Tokyo public finance

I have been wading through historical budget data for the 23 wards here in Tokyo. To many, nothing could be more dry. However, I think that understanding public finance in the first megacity holds an important key in explaining the city’s success.

Tokyo as seen from Tokyo Metropolitan Government Building

In Japan’s centralized system of postwar public finance, the Tokyo Metropolitan Government (TMG) was by far the most powerful layer of governance when it came to both revenue raising and spending capacity. Up until the mid-1960s, the ratio of TMG/ward expenditure was more than 80%.

The wards are interesting to analyze nonetheless. They were mainly responsible for education spending and from 1964 for several other important functions that were devolved to them from the centre.

In starting my research for the next chapter of my dissertation, I am interested in the differences between the different wards and how they evolved over time.

After hammering several thousand budget items into Excel over the last couple of days, some trends emerge. The three central wards Chiyoda, Chuo and Minato really skew the data and let variability measures increase over the available time horizon (1949-1970). This is due to the share of the corporation tax that accrues to the local wards and which is obviously very high here.

They also shed the highest proportionate share of their population during the sixties as people move out of the congested and expensive centre towards the outer wards and the suburbs. As I use per capita figures and spending, especially on education, is often sticky, this makes these wards statistical outliers.

So what happens when we take them out? (Can we take them out?)

The variability in municipal tax take per capita across the 23 wards decreases. This is quite an important finding and serves to support my egalitarianism argument written about elsewhere on this blog. Tokyo’s unprecedented growth proceeded largely without stratifying the different parts of the city (minus the three central wards).
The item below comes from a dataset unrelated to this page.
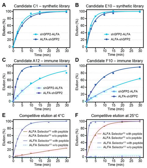 For an estimation of the off-rates for ALFA SelectorPE and analogous resins coupled to NbALFACE candidates, 20 µL of substrate-saturated resin was washed four times with PBS and resuspended in 200 µL of PBS containing 200 µM ALFA peptide. At given time points, the progression of elution was quantified by measuring the fluorescence of the GFP-tagged protein released into the supernatant (QBit 3.0; Thermo-Fischer Scientific, Waltham, MA, USA). After the kinetic measurements, all reactions were adjusted to 200 µM peptide concentrations and incubated for 30 min at 30 °C. The fluorescence values obtained after such post-elution were set to 100%. For the experiments shown in Figure 2E,F, each data point represents the average of four independent experiments performed in parallel. The statistical analyses and curve fittings were performed using GraphPad Prism 5.0.

However, the difference of per capita (in-kind) transfer payments from higher layers of government (TMG, central government) increases sharply over the same period. This hints at the presence of a strong redistributive strategy by the government, i.e. some wards receiving a higher share of transfers per capita than others. This is nothing new perhaps, but I have not seen data to support this at this level yet.

How about the spending side? The variability in total expenditure per capita decreases, albeit it only from 1949-1966. Then it goes up rather sharply. The variability in education spending mirrors this, although slightly less pronounced.

How important is the per capita municipal tax take of a ward in explaining its per capita spending? There is a strong and rising correlation initially (reaching 70.3% correlation in 1954, again excluding the three central wards, i.e. richer wards spending more per capita).

From here, this correlation comes down rapidly. It even turns negative in 1970, meaning that the less revenue the ward raises on its own, the higher total per capita spending is, financed by intra-government transfers.

This is even more pronounced in terms of per capita spending on education: the correlation turns negative in 1959 already and reaches -52.2% in 1970. In other words, the poorer the ward, the more spending on education per capita took place here.

Of course there is plenty of institutional analysis to be done to put these numbers into context. The English language secondary literature features some prominent Japanese scholars which I will try and sight over the coming weeks. Unsurprisingly, the GRIPS library is strong on public finance and local government in Japan.

The LSE legend William Alexander Robson came to Tokyo in the latter half of the 1960s and wrote a report on the TMG, which I am trying to order. It will be interesting to see this Western perspective, especially given Robson’s pivotal role in setting up the influential Greater London Group at LSE.

TMG itself ran an interesting series of English-language material beginning with the governorship of Minobe that has to date not been systematically analyzed.

In terms of primary material, besides my numbers, the Shoup Mission in the late 1940s as well as some SCAP archival material may well have something novel to offer when looked at from the perspective of ward-TMG relations.

There is for example an amazing 1950 pamphlet penned by Ota Ward officials asking for more autonomy amid TMG’s perceived institutional overstretch.

My question is: These figures, treated with the right degree of caution, show a peculiar configuration of urban governance that is very obviously redistributive. Towards the end of the period, with the revision of the Local Autonomy Law in 1964, however, we see some degree of decentralization take place. Nonetheless, the redistribution becomes even more pronounced from then.

Decentralization and redistribution don’t necessarily go hand in hand so intuitively. Other authors have already said that the centralization/decentralization dichotomy may be unhelpful in describing Japanese public finance. I hope that ward-level budget analysis helps us make this clear. It should also help us better understand certain development outcomes, i.e. how achieving a “civil minimum” of social infrastructure could be achieved in this period.

The narrative of Tokyo’s postwar development usually goes like this: The haphazard and largely uncoordinated growth period of the 1950s was egalitarian largely by default. Then followed a painful decade of growth run out of control, with pollution increasing and housing not improving commensurately with the economy. This led to the election of socialist governor Minobe toward the end of the 1960s, with whom the “social” regained some of its lost position.

If anything, the budget analysis may help to support this narrative. It may also add some nuance and show that in fact the break under Minobe was not as strong as often seen. The Tokyo before him had already been increasingly redistributive, albeit much poorer.

As usual, this is work in progress and will hopefully mature in several upcoming posts.